El desafío de FEMA en la administración de Trump
Durante el primer año de la administración de Trump, la Agencia Federal para el Manejo de Emergencias (FEMA, por sus siglas en inglés) enfrentó retos sin precedentes. La purga de Elon Musk en el servicio civil federal fue solo uno de los muchos golpes que recibió la agencia. Kristi Noem, exsecretaria de Seguridad Nacional, instituyó un congelamiento en casi todos los gastos de recuperación y respuesta ante desastres, paralizando así la función central de FEMA.
Este congelamiento detuvo miles de millones de dólares destinados a comunidades en todo el país, retrasando la respuesta ante desastres en eventos catastróficos, como las inundaciones del 4 de julio en Texas Central. Además, limitó significativamente los esfuerzos de la agencia para prepararse para futuros desastres.
Un cambio en el liderazgo
El reciente despido de Noem por parte del presidente Trump ha despertado esperanzas de que FEMA pueda recuperar su operatividad. Su reemplazo, el exsenador de Oklahoma, Markwayne Mullin, ha prometido poner fin al congelamiento de gastos, al que descalificó como “microgestión”. Además, Mullin se comprometió a nombrar un administrador permanente para dirigir FEMA, algo que Noem nunca hizo.
Sin embargo, a pesar de que algunos pagos de reconstrucción de desastres han sido descongelados, muchas funciones críticas de la agencia permanecen en un estado incierto. La moral entre los empleados de FEMA sigue baja, y la preparación para la inminente temporada de huracanes es una preocupación constante.
El impacto de las políticas de Noem
Los expertos en respuesta a desastres expresan dudas sobre si Mullin podrá restaurar la funcionalidad de la agencia a niveles anteriores a Noem. Se han reportado cambios en la administración, pero las operaciones de FEMA aún no han cambiado significativamente. Programas cruciales para preparar la infraestructura de EE. UU. para futuros desastres aún permanecen inactivos.
Por ejemplo, el Programa Nacional de Seguro contra Inundaciones, que proporciona cobertura de inundación subsidiada a aproximadamente 5 millones de hogares, ha sido debilitado. El contrato con la empresa que gestiona el sistema de calificación expiró, lo que significa que no se están supervisando los esfuerzos de reconstrucción en áreas propensas a inundaciones.
¿Un cambio en la filosofía de respuesta ante desastres?
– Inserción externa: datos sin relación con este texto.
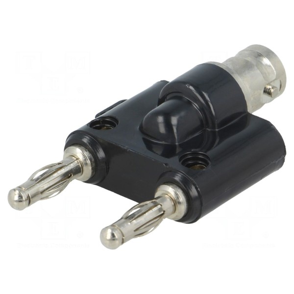 Budowa złącza obejmuje dwa gniazda bananowe 4mm oraz gniazdo BNC. Materiał styku wykonany jest z miedzi berylowej.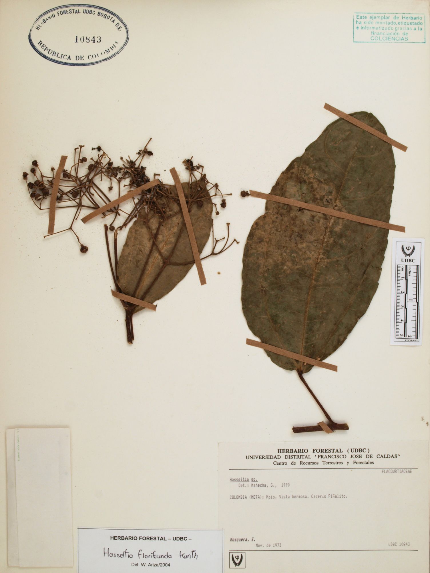 Fotografía del ejemplar Mosquera, E., determinado como Hasseltia floribunda en el año 1990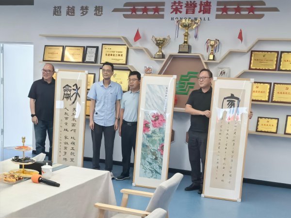 在参观过程中,深圳市分公司工会副主席曾广斌与坪山员工们亲切交流,他深情回顾了深圳邮政职工之家的建设历程,并强调:“家和万事兴,职工之家就是我们的家。我们要将家文化的理念深深植根于每位员工的心中,让这里成为大家共同的精神家园。”与此同时,曾副主席代表深圳市分公司工会向坪山职工之家赠送了《家》《荷花》《和》三幅书画作品,寓意着坪山职工之家开启温馨、和谐的发展之路。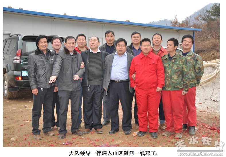 新春佳節(jié),多數(shù)人都幸福地和家人歡聚一堂,共享天倫之樂,而核地質(zhì)213大隊(duì)鉆探公司一號(hào)機(jī)組和地礦公司三分隊(duì)的同志們,依然奮戰(zhàn)在野外一線,這種舍小家而顧大家的忘我精神牽動(dòng)著大隊(duì)領(lǐng)導(dǎo)的心。2月10日(正月初一)一早,大隊(duì)長(zhǎng)王正堂、大隊(duì)黨委副書記王海軍、副大隊(duì)長(zhǎng)孫明等同志在相關(guān)科室負(fù)責(zé)人的陪同下深入徽縣山區(qū),看望慰問春節(jié)期間仍堅(jiān)持在此工作的干部職工,向他們送去慰問品、慰問金,并致以節(jié)日的問候和祝福。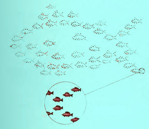 Across the page of sea, a vast school of small red fish gathers in a slow, deliberate spiral —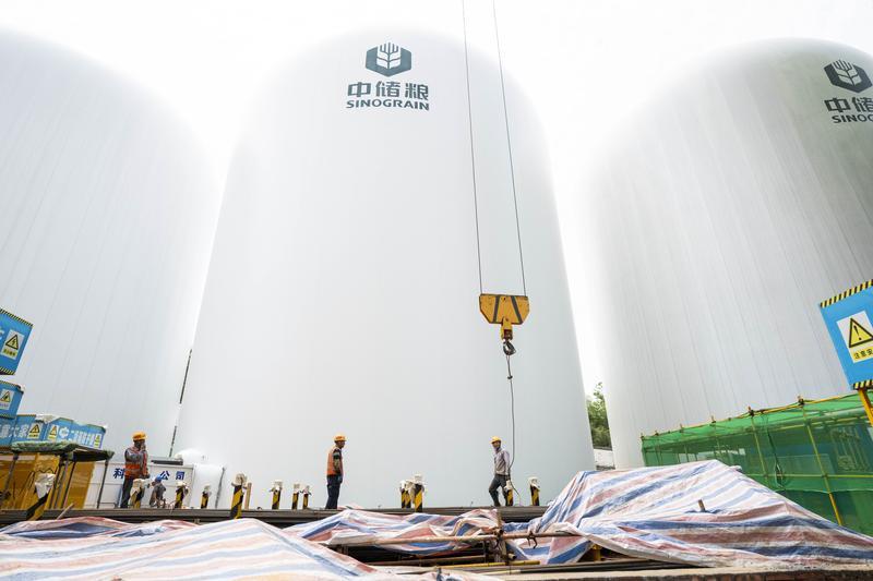 2025年5月6日在中储粮长沙直属库拍摄的气膜粮仓建设施工现场。新华社记者 陈思汗 摄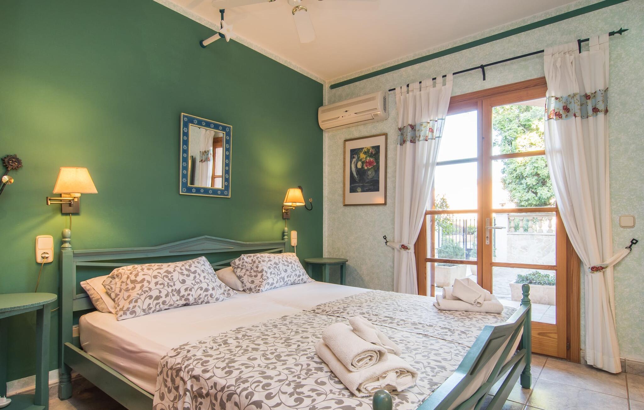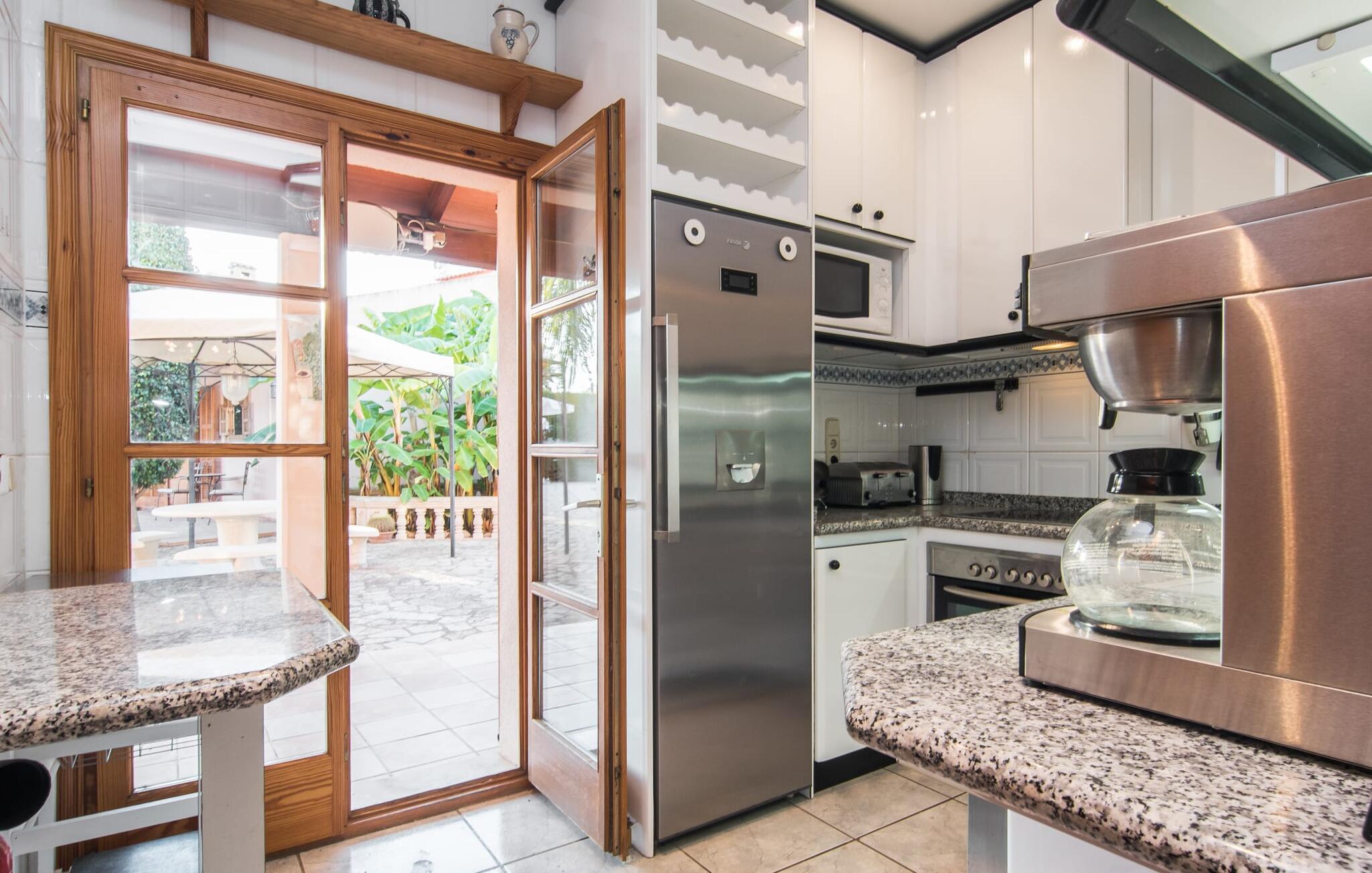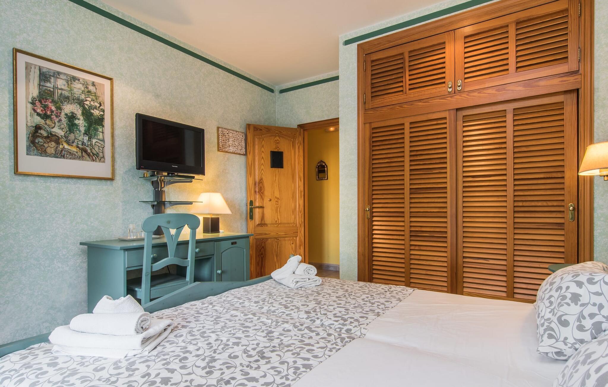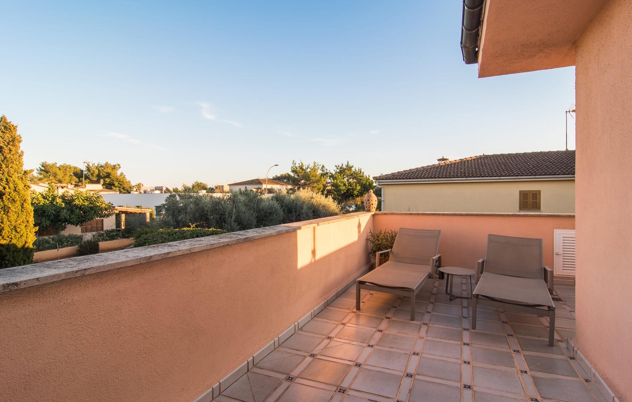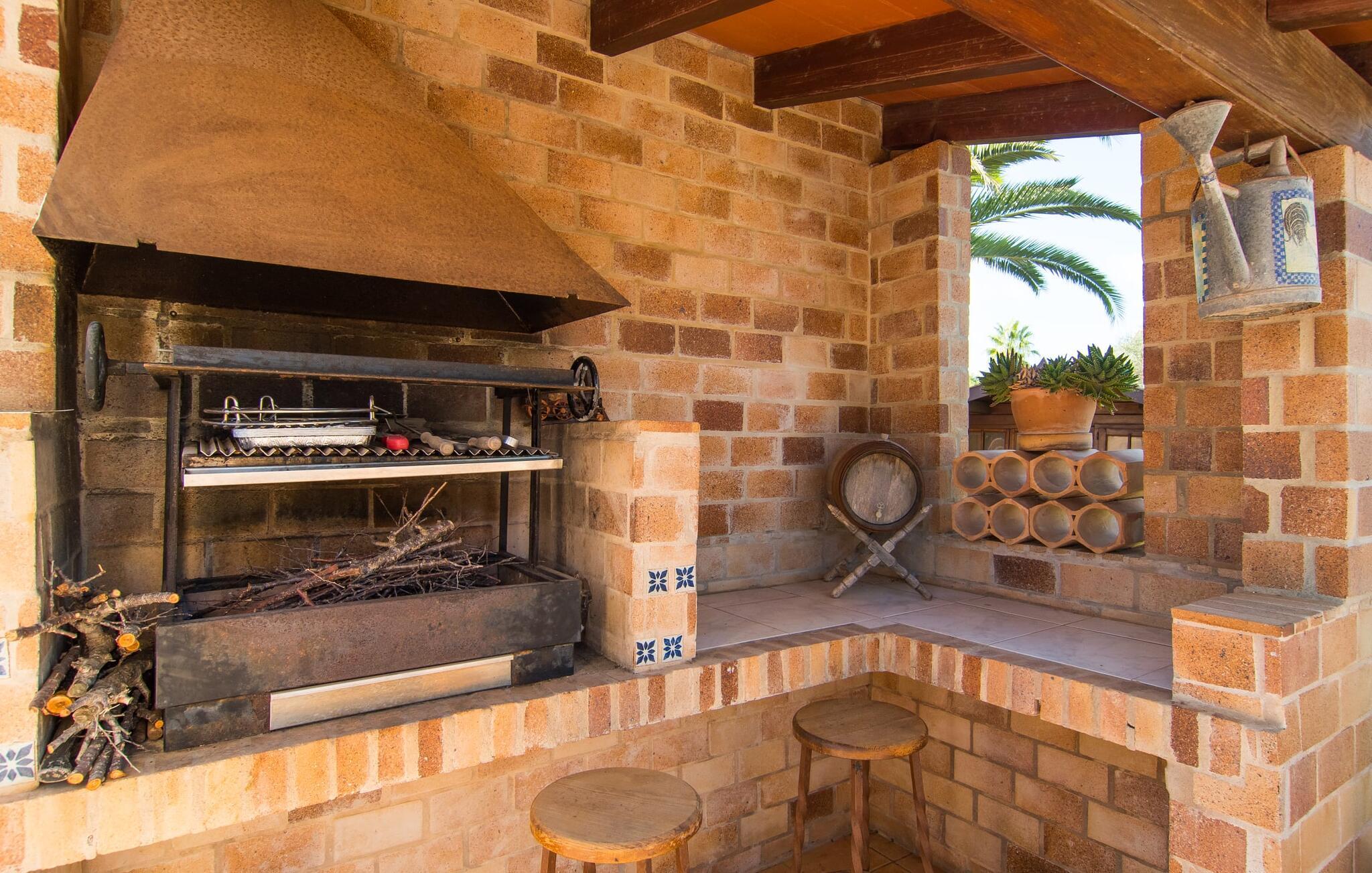 "Casa Romantica" er en charmerende villa i Sa Coma, perfekt for dem, der leder efter en central, men tæt på stranden beliggenhed. Beliggende på en rummelig grund byder ejendommen på et smukt vedligeholdt udendørsområde med indbydende terrasser, palmer og blomsterbede, der skaber en afslappende middelhavsstemning. Nyd at slappe af ved poolen med liggestole og parasoller eller forkæl jer selv med al fresco-måltider tilberedt ved grillpladsen eller i det fuldt udstyrede køkken. Et særligt kendetegn er den udendørs sauna, som giver jeres ferie et strejf af luksus. Parkeringspladser er tilgængelige direkte foran villaen. Indvendigt emmer villaen af en hyggelig bondegårdsstemning, med rustikke træmøbler, vinduesrammer og døre, der gør det nemt at slappe af og føle sig hjemme. I stueplan er der spisestue, opholdsstue med pejs og lyst køkken med udgang til terrasse. Fire dobbeltværelser, hver med eget badeværelse og rummelige garderobeskabe, sikrer privatliv og komfort. En vindeltrappe fører til et yderligere soveværelse med dobbeltseng med en-suite badeværelse, der fuldender hjemmets indbydende og velindrettede rum. Den velholdte finca "Casa Romantica" ligger på en rummelig grund i Sa Coma på det østlige Mallorca. Takket være den centrale beliggenhed kan I nemt nå restauranter og butikker til fods. Stranden i Sa Coma ligger kun omkring 1,8 km væk. I kan køre til andre strande som Cala Millor eller Cala Petita via den akustisk mærkbare vej, kun 3,2 km, eller 4,9 km med en lejebil. Og det ugentlige marked Son Servera ligger kun omkring 5,5 km væk.
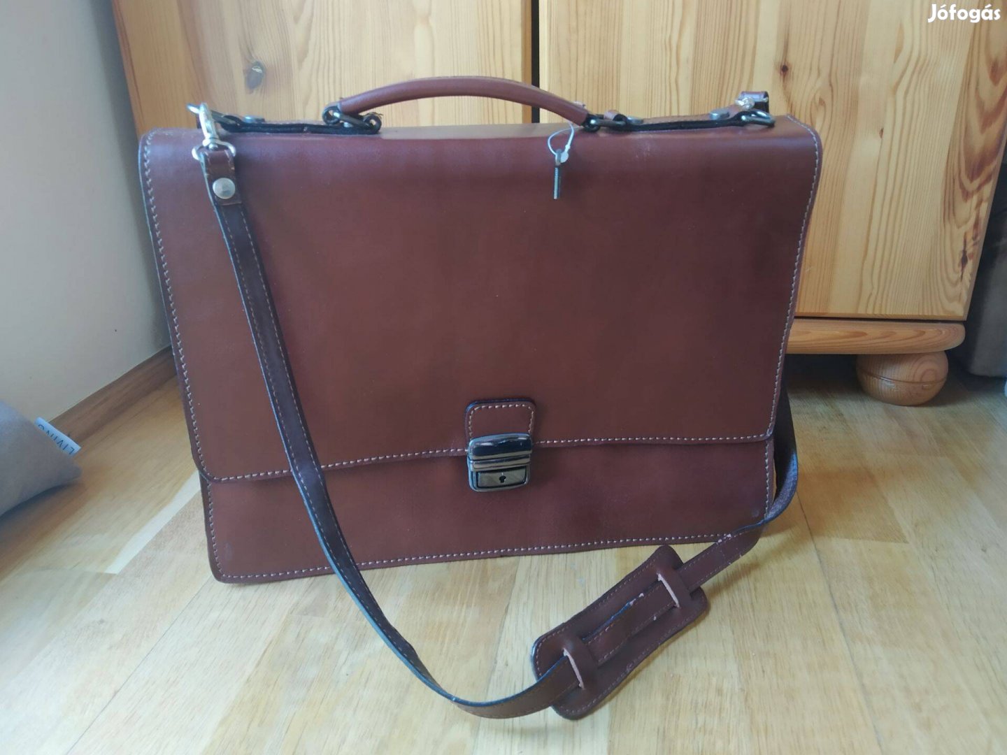 Eladó a képeken látható, új (sosem használt), barna bőr aktatáska. Kizárólag a vállpánt része kopott, amiről külön kép is található, minden más teljesen új állapotú. A mérete 37.5 cm hosszú, 27.5 cm magas és a maximális szélessége (eddig bővül, eddig pakolható tele) 11 cm.

Markwayne Mullin ha insinuado que la agencia debería adoptar un papel de apoyo en lugar de ser el primer respondedora ante desastres. Durante una visita a Carolina del Norte, comentó que “no deberíamos ver a FEMA como un primer respondedor, sino como un apoyo para los primeros respondedores que ya tenemos”. Estas declaraciones han generado preocupación entre algunos empleados de FEMA, quienes creen que refleja una falta de comprensión sobre la dependencia que tienen muchos estados de los gerentes de emergencia federales.
El futuro de la gestión de desastres
A medida que la administración de Trump continúa intentando reducir el papel de FEMA, muchos estados se preparan para un futuro sin la garantía de asistencia federal. Por ejemplo, después de inundaciones devastadoras en Maryland, el gobierno estatal tuvo que establecer su propio “fondo de recuperación de desastres” en un intento por lidiar con los daños sin ayuda federal.
Los expertos en gestión de emergencias advierten que una transición hacia un mayor papel estatal en la planificación de desastres debe realizarse con el apoyo adecuado del gobierno federal, de lo contrario, podría llevar a un aumento en la vulnerabilidad de los estados menos favorecidos económicamente.
Conclusiones y reflexiones finales
Con la temporada de huracanes y incendios forestales a la vuelta de la esquina, la incertidumbre sobre la dirección de FEMA y su capacidad para responder adecuadamente a desastres naturales es una preocupación que persiste. Los funcionarios de emergencia estatales y locales se encuentran en un estado de espera, a la espera de ver cómo se desarrollarán los eventos y qué cambios se implementarán bajo la administración de Mullin.